Le ministre de l’Éducation nationale, Édouard Geffray, a révélé la mise en place d'un concours général des collèges, prévu pour janvier et février 2027. Cette initiative a pour but de « promouvoir l'excellence » et de créer une émulation parmi les élèves des collèges, comme le rapporte l'agence AFP.
À partir de l'automne 2026, chaque établissement scolaire aura la possibilité d'inscrire jusqu'à 10 % de ses élèves, tout en garantissant un équilibre entre filles et garçons, dans cinq disciplines : français, mathématiques, histoire-géographie, arts et numérique-codage. Cette diversité de matières vise à reconnaître et à encourager différents talents, sans tomber dans l'« élitisme », ont précisé des sources proches du ministère.
Les épreuves individuelles que les élèves devront passer seront chronométrées. Cependant, le projet est encore à l'étude. Sophie Vénétitay, secrétaire générale du Snes-FSU, a exprimé des réserves en déclarant : « Si ce concours devient une préfiguration de celui des lycées, il risque de favoriser une forme d'élitisme que notre système éducatif n'a pas besoin de promouvoir. » Selon elle, des enjeux plus pressants doivent être traités.
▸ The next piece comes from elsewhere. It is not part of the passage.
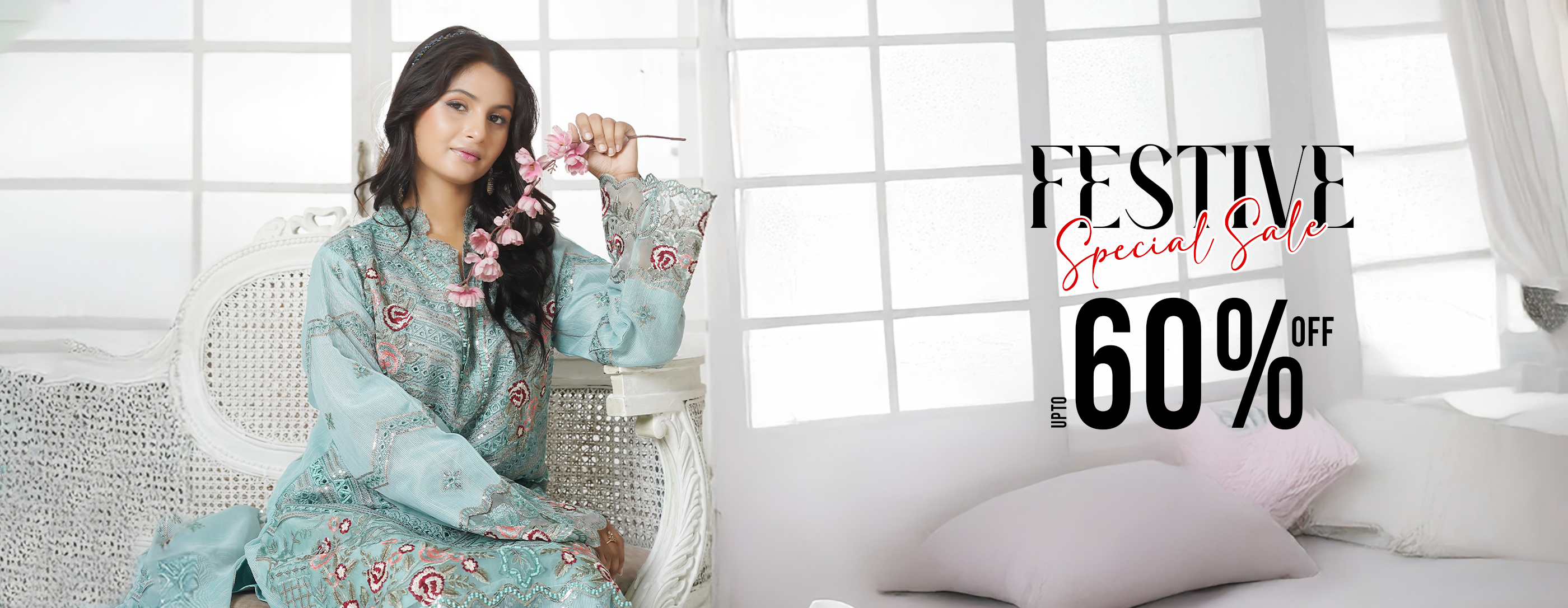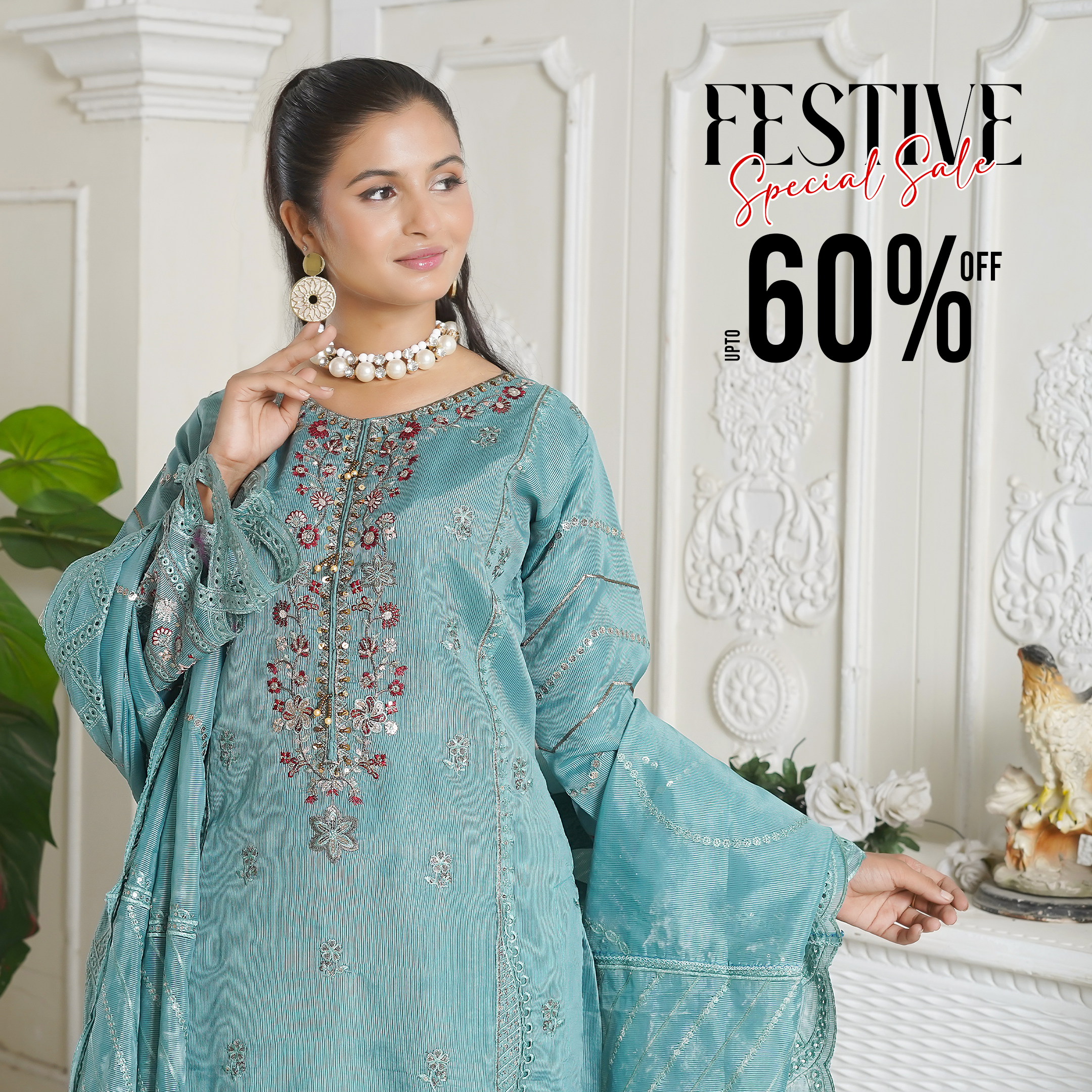 Embroidered Pestal Aqua 3 Piece Pret

Cette année, Édouard Geffray s'attend à « une chute assez drastique du taux de réussite » du diplôme national du brevet (DNB), en raison des nouvelles modalités d'évaluation. En effet, la part de l'examen final a été augmentée à 60 %, tandis que le contrôle continu intégrera désormais des notes de la classe de troisième plutôt que du socle commun.
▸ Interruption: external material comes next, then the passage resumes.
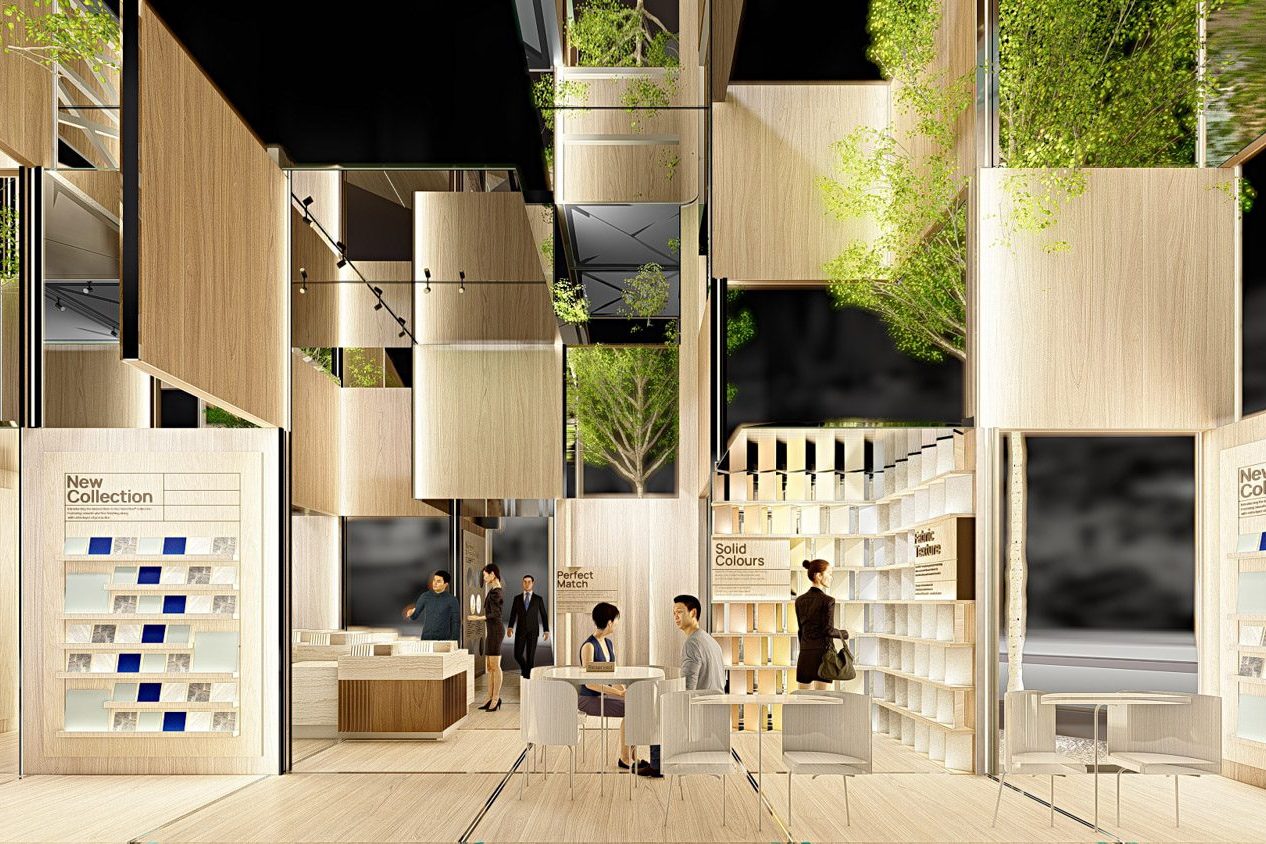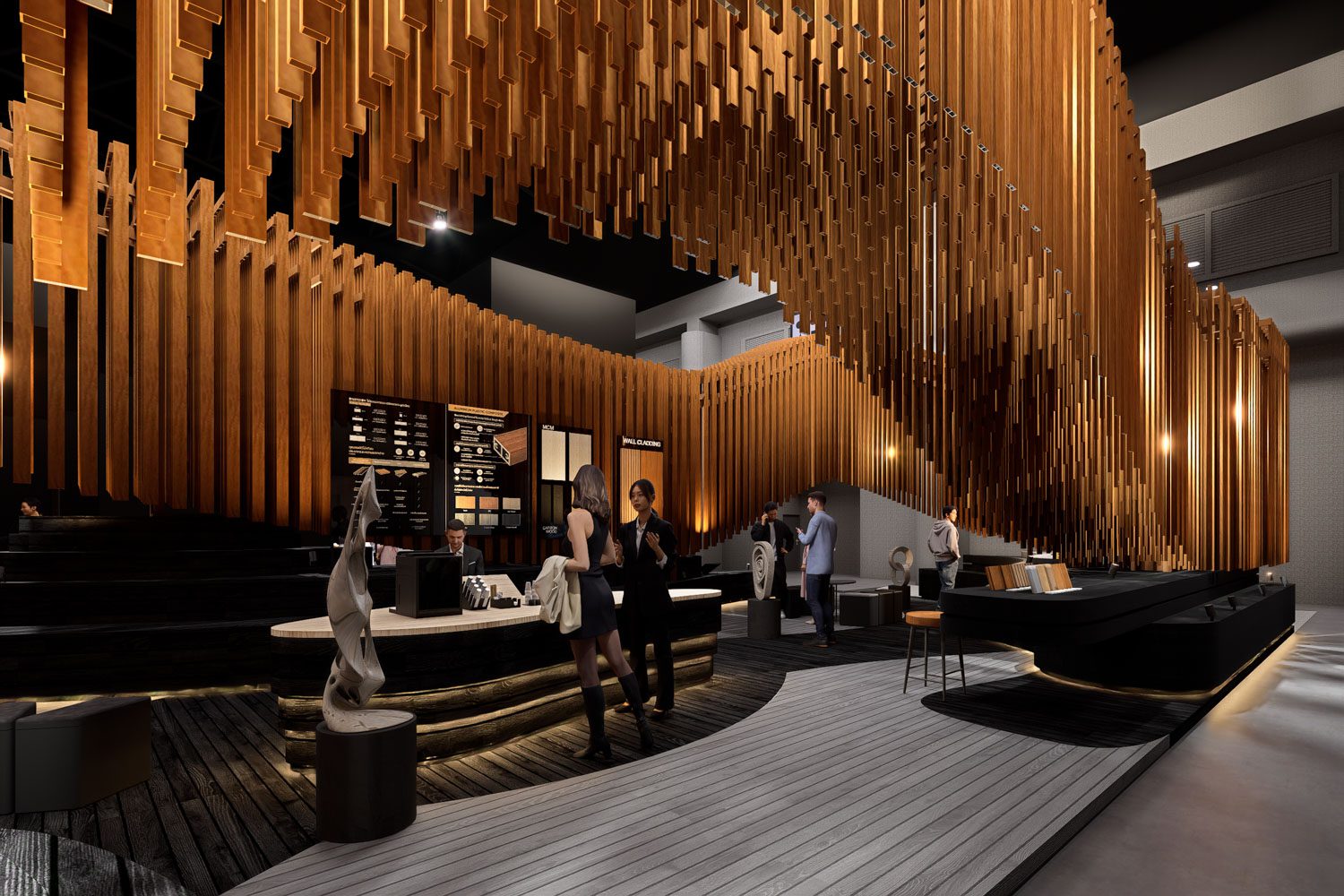ถ่ายทอดประสบการณ์การอยู่ท่ามกลางธรรมชาติ ราวกับรายล้อมด้วยสวนยางที่เรียงตัวอย่างเป็นระเบียบ ผสานความเป็นระบบของกริดในแนวคิดสถาปัตยกรรมเข้ากับความรู้สึกของป่าที่ไร้ขอบเขต โดยแปลงคุณค่าของวัสดุ Panel Plus ที่เป็นแผ่นไม้บอร์ดมาตรฐานด้านความยั่งยืน เข้ามาสร้างประสบการณ์เชิงสถาปัตยกรรม ไปพร้อมกับการแสดงให้เห็นคุณสมบัติของ Perfect Wood และ Perfect Match ที่ลวดลาย สี และขอบวัสดุต่อเนื่องเป็นหนึ่งเดียว

Le ministre a précédemment lancé le plan « Collège en progrès » pour soutenir les 800 collèges les plus en difficulté. Ces établissements, où plus de 40 % des élèves obtiennent moins de 8 sur 20 en français et mathématiques, bénéficieront d'un accompagnement renforcé à partir de septembre 2026. À l'occasion de sa visite du collège Louis-Guilloux à Montfort-sur-Meu en Ille-et-Vilaine, il présentera plus de détails sur ce programme ainsi que sur le nouveau concours.